— Что это на тебя нашло? — спросила она со своей обычной невозмутимостью. — Вот дуролом-то!
Но видно было, что она не рассердилась.
— А почему бы мне не поцеловать тебя, раз уж мне захотелось? — весело возразил Марсиаль. — Я счастлив, что я здесь, погода прекрасная, ты накормила нас превосходным обедом…
Дельфина просияла. Все заулыбались, и Марсиаль снова накинулся на обильные яства, смакуя их с торжественной растроганностью, точно причащался священной трапезе жизни.
Как-то вечером вскоре после возвращения в Париж Дельфина в спальне сказала Марсиалю, что прочла письмо, адресованное их дочери. Она прибирала в комнате Иветты, и это письмо попалось ей на глаза. Текст был настолько короток, что Дельфина успела его прочесть, прежде чем сообразила, что совершает нескромность. «Дорогая, этой ночью в моем сердце вспыхнуло солнце. Люблю, люблю, люблю…» Это слово было повторено двенадцать раз. Дельфина сосчитала. Вместо подписи — одна только буква Р.
— От кого оно? — спросил Марсиаль, заметно помрачнев.
— Наверное, от Реми Вьерона.
— Опять этот тип! А я-то думал, что они просто приятели, что у них общая компания… Так ты считаешь, что он ее любовник?
— Из-за того, что он обращается к ней «дорогая»? Они все так зовут друг друга, такая теперь мода. Разве узнаешь правду? Судя по записке, между ними что-то есть, но…
— Скотина! Подбирается к молоденькой девушке! Подонок! Я ему морду набью…
— Да не горячись! У тебя же нет никаких доказательств.
— Хотел бы я знать, что он хочет сказать этим «вспыхнувшим солнцем». Хорошенькая манера выражаться! От какого числа письмо?
— От 4 января. Помнишь, 3 января Иветта должна была вернуться из Межева. Наверное, они в тот же вечер встретились!
— Вот негодница! Она у меня получит!
— Прошу тебя, никаких сцен, — решительно возразила Дельфина. — Ты ни словом ей не обмолвишься. Во-первых, она не должна знать, что мы что-то подозреваем. Во-вторых, эта записка еще ни о чем не говорит. Не забудь, что он литератор.

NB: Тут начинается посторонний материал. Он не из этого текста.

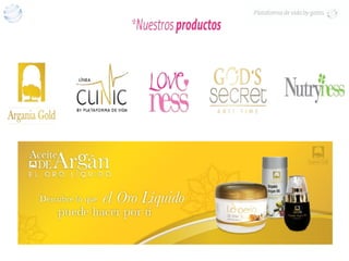 El documento da la bienvenida a los fundadores de la Plataforma de Vida y presenta su misión de crear, crecer y compartir el éxito juntos para transmitir su filosofía de generación en generación. Presenta los productos de aceite de argán y mantequilla de karité de Marruecos, destacando sus beneficios para la belleza y la salud. Finalmente, describe un sistema de mercadeo binario para ganar comisiones por ventas y reclutamiento.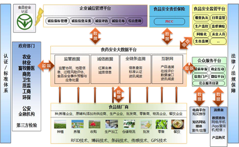 以食药安全大数据平台为核心,通过对食药监管业务数据(对内通过建立行业基础数据库,横向打通监管业务系统)、其他政府部门监管数据、互联网(电商、点评网)数据、厂商生产经营数据等进行整合,创新建设食品药品安全监管系统、食品药品安全追溯系统、公共服务系统等应用,形成食药监管部门、相关政府部门、社会公众、厂商、互联网公司等共同参与的食品药品安全监管新模式。

Он может воспламениться из-за пустяка, из-за какой-нибудь прогулки в Булонский лес или чего-нибудь в этом роде, а потом напишет невесть что, а на деле все будет обстоять вполне невинно.

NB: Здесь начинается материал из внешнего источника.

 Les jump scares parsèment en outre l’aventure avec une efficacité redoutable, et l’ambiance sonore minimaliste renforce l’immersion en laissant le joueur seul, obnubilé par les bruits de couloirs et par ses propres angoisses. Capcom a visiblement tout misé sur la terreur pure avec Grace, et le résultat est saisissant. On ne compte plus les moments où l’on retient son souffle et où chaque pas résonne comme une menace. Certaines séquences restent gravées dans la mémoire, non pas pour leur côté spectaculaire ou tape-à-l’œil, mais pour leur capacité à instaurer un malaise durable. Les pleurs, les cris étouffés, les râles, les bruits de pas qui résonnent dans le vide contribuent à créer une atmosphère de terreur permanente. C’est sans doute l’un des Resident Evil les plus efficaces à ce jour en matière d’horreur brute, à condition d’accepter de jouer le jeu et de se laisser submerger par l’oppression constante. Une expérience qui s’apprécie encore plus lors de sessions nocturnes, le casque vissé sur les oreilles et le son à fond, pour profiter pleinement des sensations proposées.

— Ну-ка, повтори, что он там написал.
— «Дорогая, — повторила она заученным тоном, — этой ночью в моем сердце вспыхнуло солнце. Люблю, люблю» и так далее.
— Двенадцать раз «люблю»?
— Да. Я подсчитала.
— Вот кретин! Писать такие глупости в его годы! В пятнадцать лет еще куда ни шло… Но в сорок пять!

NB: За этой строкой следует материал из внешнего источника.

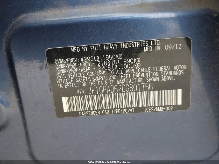 2013 SUBARU IMPREZA - JF1GPAD62DG801756, колір - Синій, 2.0, Бензин, Повний привід із США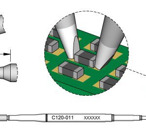 C120 cartridges are appropriate for soldering and desoldering chip components or dual in-line easily, reducing handling time. The C120 series are compatible with PA120 and AM120 tweezers. Tips are sold individually, not in pairs.

— Пылкость чувств возраста не имеет…
— По-твоему, это пылкость чувств? А по-моему, махровое тупоумие!.. Бедняга, неужели он воображает себя солнцем каждый раз, когда ему удается доказать, что он мужчина! Кто же тогда я на сегодняшний день? Уж по меньшей мере целый Млечный Путь!
— Да уж, что верно, то верно, — сказала Дельфина с улыбкой. — Но ты ведь не писатель…
— Слава богу, нет… И ты думаешь, Иветта увлечена этим типом? Скажи мне прежде всего — он женат?
— Насколько я поняла, он в разводе. Может быть, он собирается жениться на Иветте…
— Этого еще недоставало! Очень мне нужен зять, который воображает себя солнцем каждый раз…
— Не накручивай себя.
— Нет, ты только представь, как он будет выходить утром к столу и победоносным тоном сообщать: «Милая тещенька, сегодня утром я чувствую себя Вегой. Не исключено, что через девять месяцев вы станете бабушкой…»
— Ох, и глуп же ты!
Дельфина рассмеялась. Марсиаль тоже. Обычно его гнев легко растворялся в зубоскальстве, но на сей раз он все-таки выплеснулся еще раз — Марсиаль не мог примириться с мыслью, что его дочь ведет свободный образ жизни и располагает собой по своему усмотрению. Дельфина стала доказывать ему, что Иветта совершеннолетняя, что нравы изменились — теперь девушки узнают любовь, не дожидаясь венца. Марсиаль стал укорять жену, что она относится к этому так легко и потворствует Иветте. Он обвинил ее чуть ли не в безнравственности.
— Послушай, Марсиаль, ты же знаешь сам, что у Иветты своя жизнь. Знаешь это давным-давно. Домой она возвращается, когда ей заблагорассудится, у нее уйма друзей, на каникулы она всегда уезжает с целой компанией молодежи. Ты ведь не слепой. А если ты ослеп два-три года назад, то только по доброй воле.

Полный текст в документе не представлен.